That's why the Der Spiegel stories always should have been viewed with nothing but suspicion.
I know for a 100% fact the the hacked emails were offered to a few German outlets but they didn't want to run the risk of legal action.
Der Speigel had previously run a story painting certain Bayern boardroom members in a negative light. Bayern kicked off big time and threatened legal action.
A couple of people at Bayern (miraculously) knew Der Spiegel had the emails and essentially pressured Der Spiegel into running with the story, knowing they had leverage.
What's interesting about all of this is the misinformation that continued to spread, even after the CAS ruling.

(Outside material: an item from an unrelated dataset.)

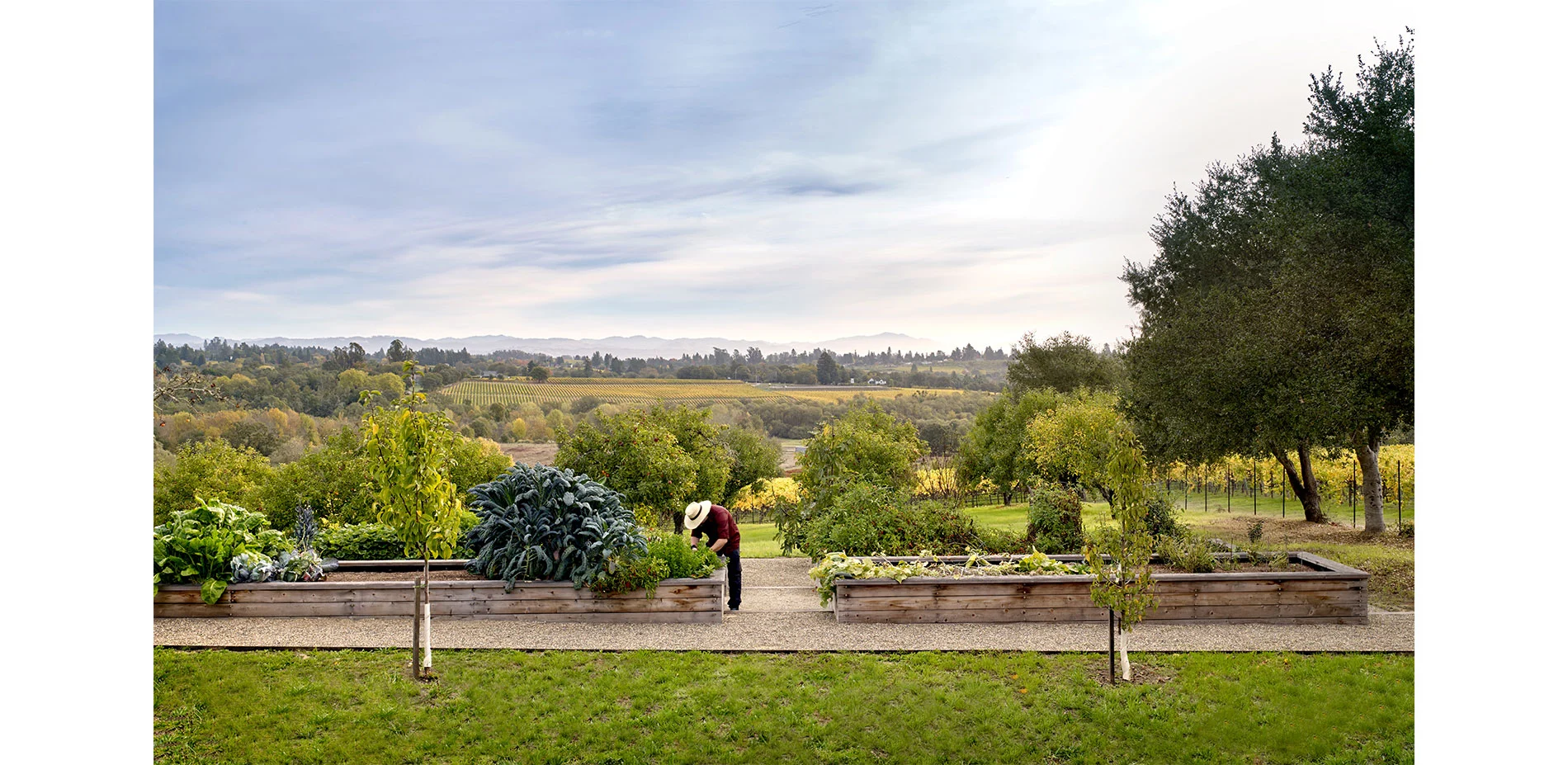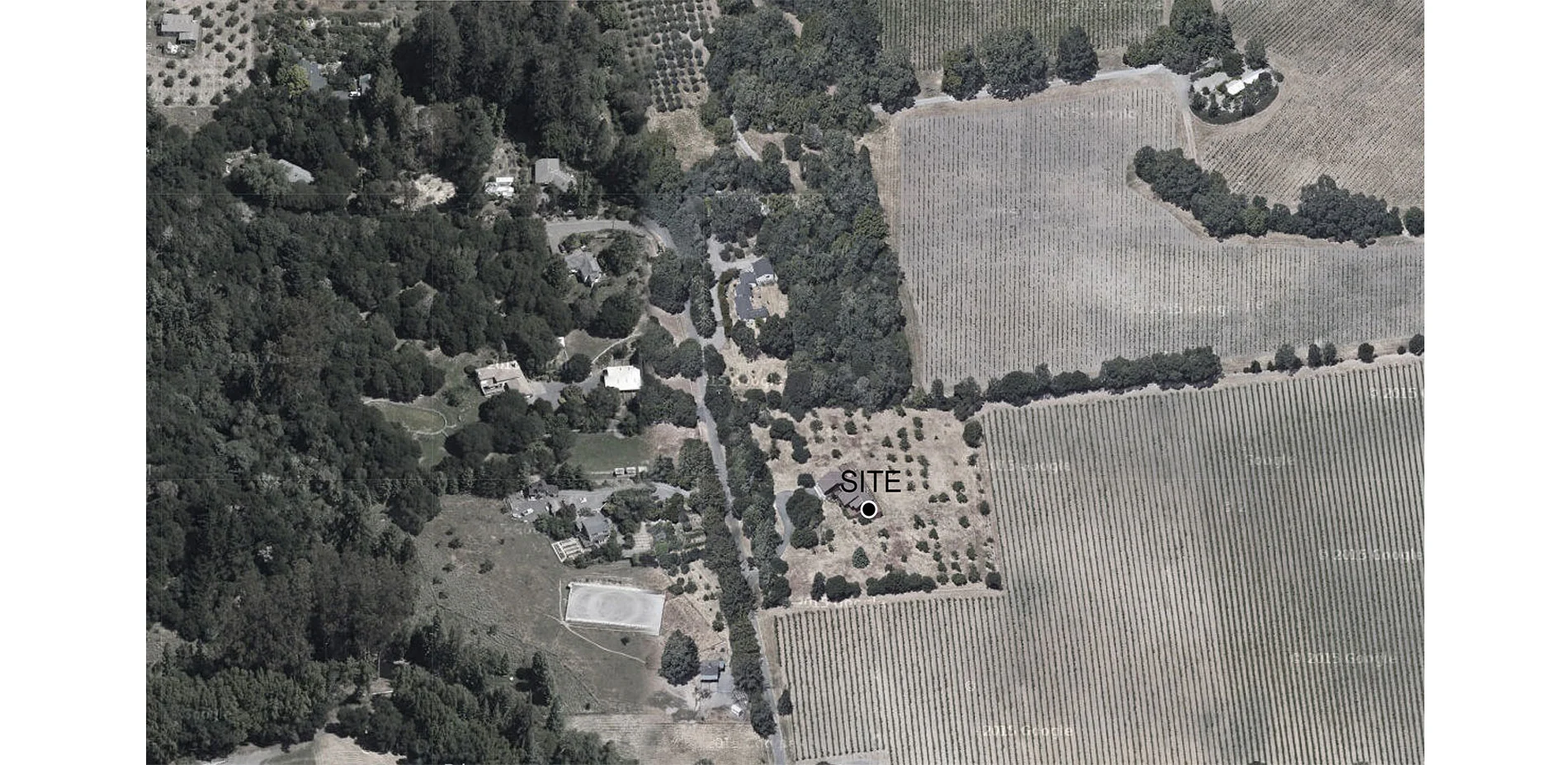 The three-acre site is at the intersection of coastal oak woodlands and cultivated fields of vineyards and Gravenstein apple orchards. The Gravenstein was the most widely grown crop in the small farming community of Sebastopol in Northern California during the early 20th century when much of the harvest was used for apple sauce and dried apples shipped to troops during WWII. Due to disease and lower yields, only a few orchards remain that have not been replaced by the more profitable grape growing. The house and an existing neglected Gravenstein apple orchard share the property with coastal live oaks that have gradually reclaimed the hedgerows and sections of the orchard that died. Where the apple trees have succumbed to the oaks, the design allows the oaks to reclaim their natural habitat. In areas where the fruit trees are still healthy, the agricultural history of apple cultivation is preserved by restoring portions of the orchard with new trees.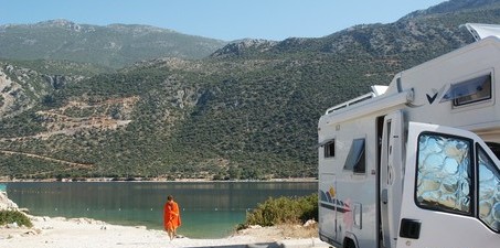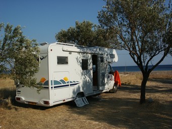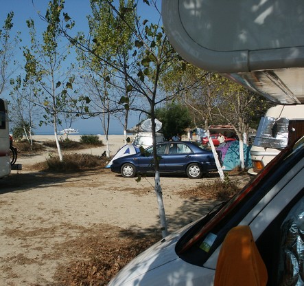 Pamucak (Ephèse) * : Se parquer le long de la plage est très difficile (ensablement garanti). Nous nous replions sur l'un des campings en bord de plage. Très ombragé. 17 millions la nuit (10€) avec électricité.

For example, a few outlets, including the MEN, stated we didn't persue legal action over the claims. This is sort of accurate (as it's notoriously difficult to win libel cases against German Newspapers, despite the 2017 defamation laws) but what wasn't widely shared was that the club most certainly fired shots across the bows of two individual journalists rather than Der Spiegel as an organisation.
When I see the connection some here (maybe because it is convenient to get "easy sounding answers") make between Spiegel and Bayern that never made any sense. The newspaper sits in Hamburg - 800 km away from Munich - they do not have a friendly relationship at all - more the opposite. And it is not that Bayern has the leverage to pressure newspapers...
Spiegel is a left leaning newspaper - apart from some of the Ultras the clubs connections are more to people from the bavarian CSU... - just to show that influence, too...
Yes, the club FC Bayern does not like the way some clubs are financed as that is a big advantage in European football in addition to the big TV contracts the EPL has anyways - and they are very outspoken about that and the media has that in the papers as it is FC Bayern and not FC Hintertuxingen. But that should not be the basics for all kind of conspiracy theories...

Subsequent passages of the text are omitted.